TASK OBJECTIVE
Repeat the entire listing exactly. Omit all pictures.
◆ ◆ ◆ ◆ ◆ ◆ ◆
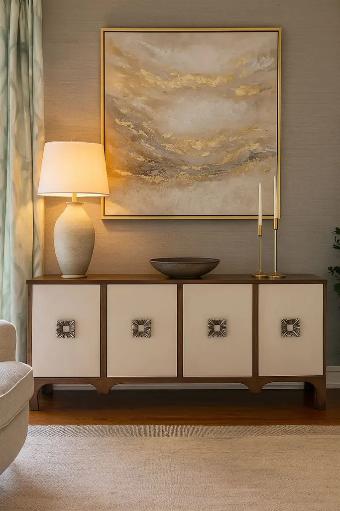 The Mélange credenza has four doors with large square hardware. It can also be used as an entertainment console.A rich wood frame paired with creamy door panels creates a striking contrast, making it a sophisticated piece for any room.
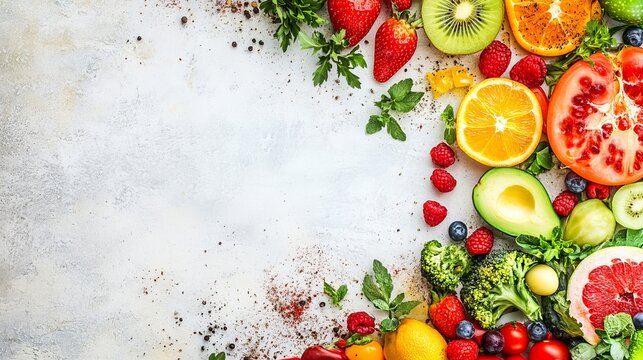 Healthy fresh vegetables and fruits for balanced diet and weight loss nutrition background
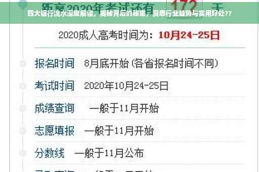 随着金融市场的繁荣和发展,银行流水作为反映个人和企业经济活动的重要窗口,逐渐引起了广泛的关注,本文将深入探讨中国四大银行的银行流水,揭示其背后的秘密,并洞察行业未来的发展趋势。
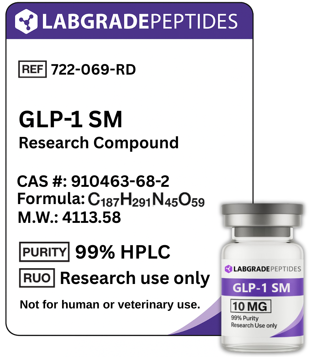 GLP-1 SM supplied for research purposes is not approved for diagnostic, therapeutic, preventative, or medical use outside of its regulated pharmaceutical labeling. No conclusions regarding safety, efficacy, or clinical outcomes are established for research-grade material.
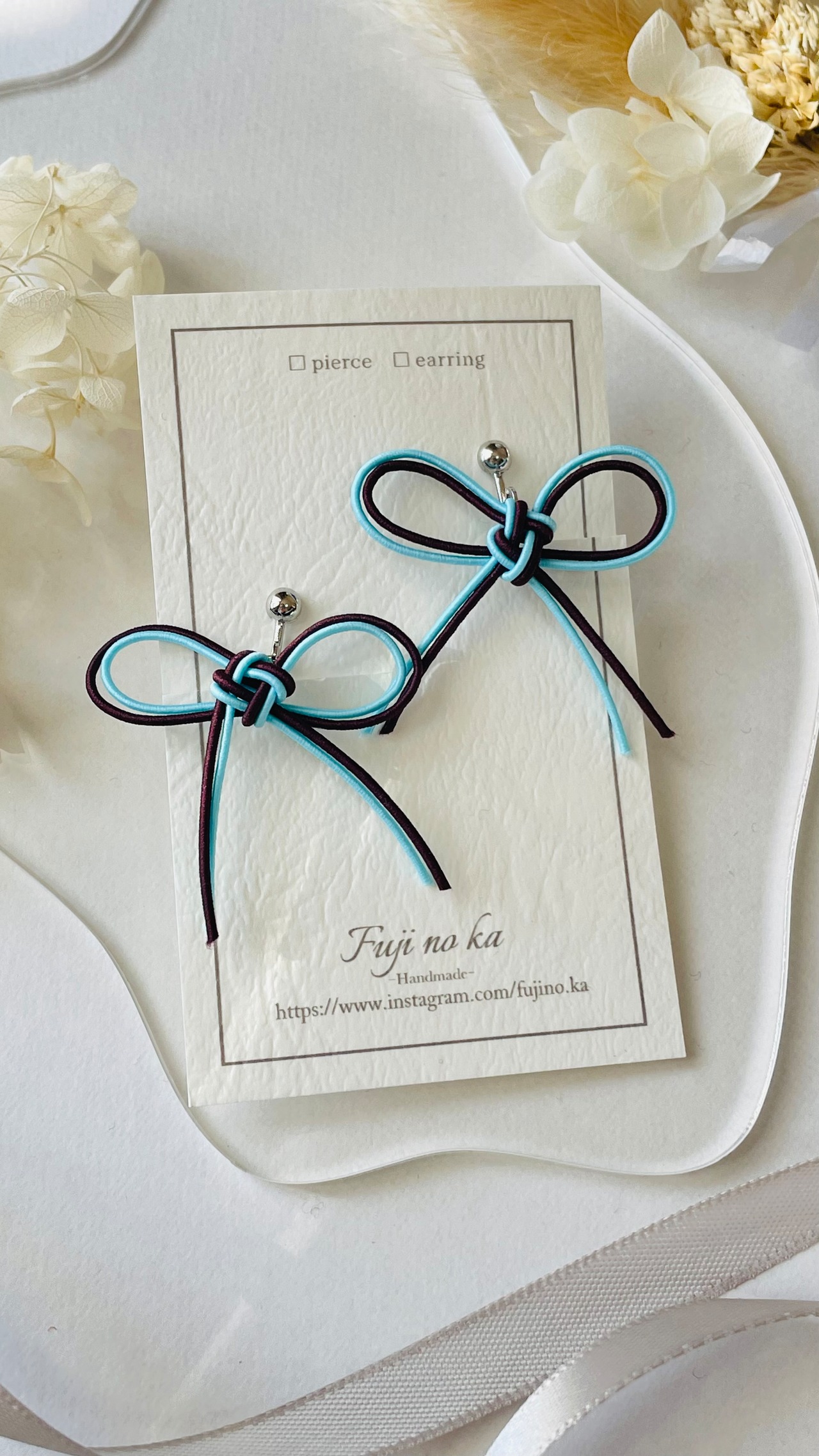 水引の伝統的な結び〈叶結び〉で作ったイヤリングです。
◆ ◆ ◆ ◆ ◆ ◆ ◆
WORKED SOLUTION
 The Mélange credenza has four doors with large square hardware. It can also be used as an entertainment console.A rich wood frame paired with creamy door panels creates a striking contrast, making it a sophisticated piece for any room.
 Healthy fresh vegetables and fruits for balanced diet and weight loss nutrition background
 随着金融市场的繁荣和发展,银行流水作为反映个人和企业经济活动的重要窗口,逐渐引起了广泛的关注,本文将深入探讨中国四大银行的银行流水,揭示其背后的秘密,并洞察行业未来的发展趋势。
 GLP-1 SM supplied for research purposes is not approved for diagnostic, therapeutic, preventative, or medical use outside of its regulated pharmaceutical labeling. No conclusions regarding safety, efficacy, or clinical outcomes are established for research-grade material.
 水引の伝統的な結び〈叶結び〉で作ったイヤリングです。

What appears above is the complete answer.